MONTPELIER, Vt. (AP) — Proponents of a Vermont bill that would have imposed a 24-hour waiting period to buy handguns say the veto by the Republican governor was a political move that will cost the lives of people contemplating suicide and victims of domestic violence.

The veto Monday by Gov. Phil Scott also drew condemnation from Democratic leaders of both the Vermont House and Senate, which both passed legislation last month that contained the waiting period and a change to an unintended consequence of separate gun legislation signed into law by the governor last year.

While gun rights activists said they appreciate Scott’s veto, they are still upset by a series of gun control measures signed by the governor last year.

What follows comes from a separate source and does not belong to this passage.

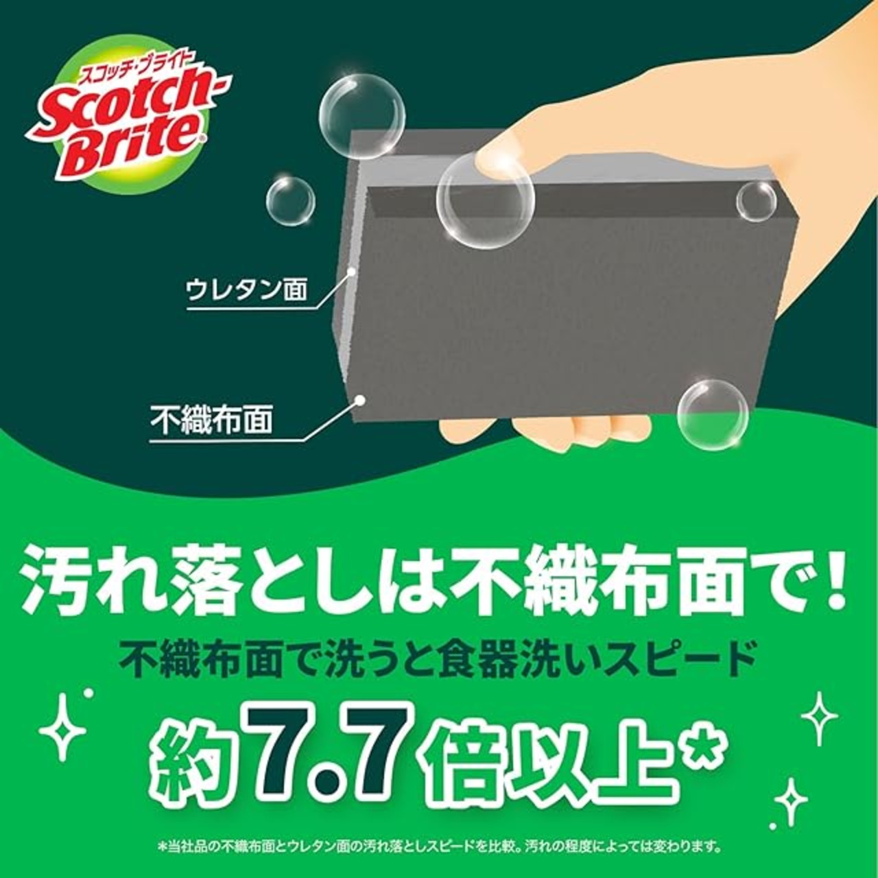 【不織布面でも優しく洗えるキッチンスポンジ】デリケートな食器、茶碗、フッ素加工の調理器具などをキズつけずにスッキリ洗えます。
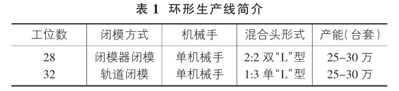 干部設(shè)備主要由模架車、閉模器、液電氣控制系統(tǒng)組成;濕部設(shè)備主要有高壓發(fā)泡機(jī)、計(jì)量系統(tǒng)、液壓站等。橢圓環(huán)形線具有工位多、換模節(jié)拍短等優(yōu)點(diǎn),目前座椅發(fā)泡工廠多采用環(huán)形生產(chǎn)線。

“This was nothing else but politics,” said Clai Lasher-Sommers, of the group Gun Sense Vermont, which had supported the legislation partly as a way to reduce the number of people who use firearms to take their own lives and prevent guns from being used in cases of domestic violence.

“When I went to bed, I just started crying,” Lasher-Sommers said Tuesday. “I know in my heart this bill would save lives.”

In his veto message, Scott said he did not believe the legislation’s waiting period would address the underlying causes of violence.

Instead, he pointed to the gun control legislation he signed last year that expanded background checks for gun purchases, increased the age to buy firearms from 18 to 21, made it easier to take firearms from those who may be a threat to themselves, others or in cases of domestic violence.

Scott urged the Legislature to work with him to strengthen the state’s mental health system, combat addiction and “provide every Vermonter with hope and economic opportunity.”

Last year, after what Vermont police said was a close call on a school shooting, Scott signed Vermont’s first significant gun ownership restrictions. The law raised the age to buy firearms, banned high-capacity magazines and made it easier to take guns from people who pose a threat.

Scott’s support enraged many in Vermont’s hunting and firearms community who felt he was betraying more than 200 years of tradition in which the state had few gun ownership restrictions.

Bill Moore, a firearms policy analyst for the Vermont Traditions Coalition who fought against the gun restrictions, said the waiting period legislation was a feel-good answer to a complicated question about mental health and the governor’s role in preventing suicide.

He said he felt the governor should have vetoed the legislation last year.

“If he thinks he is going to gain our respect by vetoing this bill, we’ll give him our thanks, but it’s not like he’s going to gain our trust back,” Moore said.

And while Moore and others were not in favor of the waiting period, they were in favor of a section that would have closed an unintended consequence of last year’s legislation that would potentially criminalize out-of-state gun enthusiasts who bring high-capacity gun magazines to Vermont for shooting competitions.